In our study, we also found that TAC of saliva in children increased with age. There was a significant increase of TAC in children belonging to 11–14 years age group when compared to 7–10 years age group. The plausible reasons that can be suggested for an increase in TAC in children with age could be as follows:

A reason that can be suggested is nutrition, which may vary between the two age groups. Children belonging to younger age group may be having nutritious diet but may be consuming lesser volumes of food, and hence lower volumes of micronutrients when compared to the older age group accounting for the higher levels of TAC. This increase in TAC of saliva may be a normal feature with increase in age. Also, immune status of children improves with age suggesting that its better developed in older age group and could therefore account for the increase in TAC of saliva in children belonging to older age group.[15] Our results were in sync with a related study conducted by Tulunoglu OS that also reported that TAC of saliva increased with caries activity.[16]

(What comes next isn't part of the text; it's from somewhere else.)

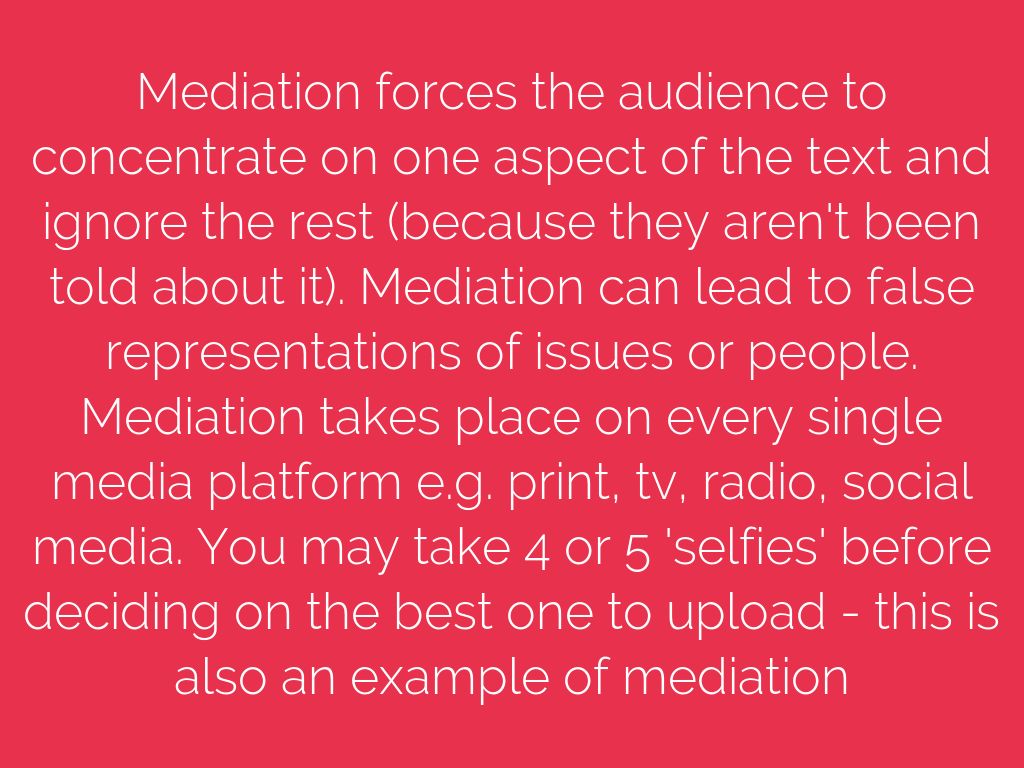 Mediation forces the audience to concentrate on one aspect of the text and ignore the rest (because they aren't been told about it). Mediation can lead to false representations of issues or people. Mediation takes place on every single media platform e.g. print, tv, radio, social media. You may take 4 or 5 'selfies' before deciding on the best one to upload - this is also an example of mediation

Another potential factor that may alter the levels of total antioxidant capacity levels with respect to age and gender is that as the child approaches and goes through pubertal growth spurts, wherein significant hormonal changes occurs, there could be change in TAC.

Conclusion

As observed in the present study, TAC of saliva has a linear relation with caries, also with increasing caries indices, i.e., as the severity of caries increases it was observed that TAC levels also increase. We also observed that the TAC levels increased with age. But all these findings need to be confirmed using larger sample sizes. Also, the relation between TAC levels and gender and hormonal differences need to be evaluated and established.

Recommendations

To the parents and children

It has been suggested that dental caries is a worldwide problem and very much prevalent during childhood. It has been found that fruits and vegetables are good sources of antioxidants. We can expect that increased intake of such foods may be important in suppressing the growth of acid-forming bacteria in children with high caries risk or atleast these antioxidants may help in preventing the progress of this disease.

To the pedodontist

Antioxidant supplementations can be a possible point of interest. It can be added in very low volumes in dental material like cements, which are commonly used for restorative purposes. Also, antioxidant supplements can be tried in mouthwashes and topical fluorides.

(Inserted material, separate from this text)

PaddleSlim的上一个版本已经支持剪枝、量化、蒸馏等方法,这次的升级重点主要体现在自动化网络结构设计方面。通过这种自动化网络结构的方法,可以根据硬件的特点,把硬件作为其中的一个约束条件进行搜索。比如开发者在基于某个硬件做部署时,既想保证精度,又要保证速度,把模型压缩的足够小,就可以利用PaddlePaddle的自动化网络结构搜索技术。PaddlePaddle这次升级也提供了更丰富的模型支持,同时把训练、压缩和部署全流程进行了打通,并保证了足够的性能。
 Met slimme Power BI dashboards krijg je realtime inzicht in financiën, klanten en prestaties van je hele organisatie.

However, before prescribing and antioxidant supplements it becomes mandatory to definitely establish its role in the etiopathogenesis of any given oral condition and also its influence on the progress or even its ability to prevent a certain condition. Although there have been numerous reported research papers on the altered antioxidant levels in various conditions, there remains an unanswered query that whether it helps in the prevention or atleast halts the progress of the condition once it has set in.

Future studies can be aimed at determining:

  • The relationship between the TAC levels of saliva and gender predilection can be established.
  • The relationship of TAC levels of saliva and serum levels of TAC can be evaluated and compared.
  • The relationship of TAC levels in children before treatment and after treatment of dental caries can be evaluated.
  • The relationship between diet and TAC levels can be investigated inclusive of diet counseling.

Footnotes

Source of Support: Nil

Conflict of Interest: None declared.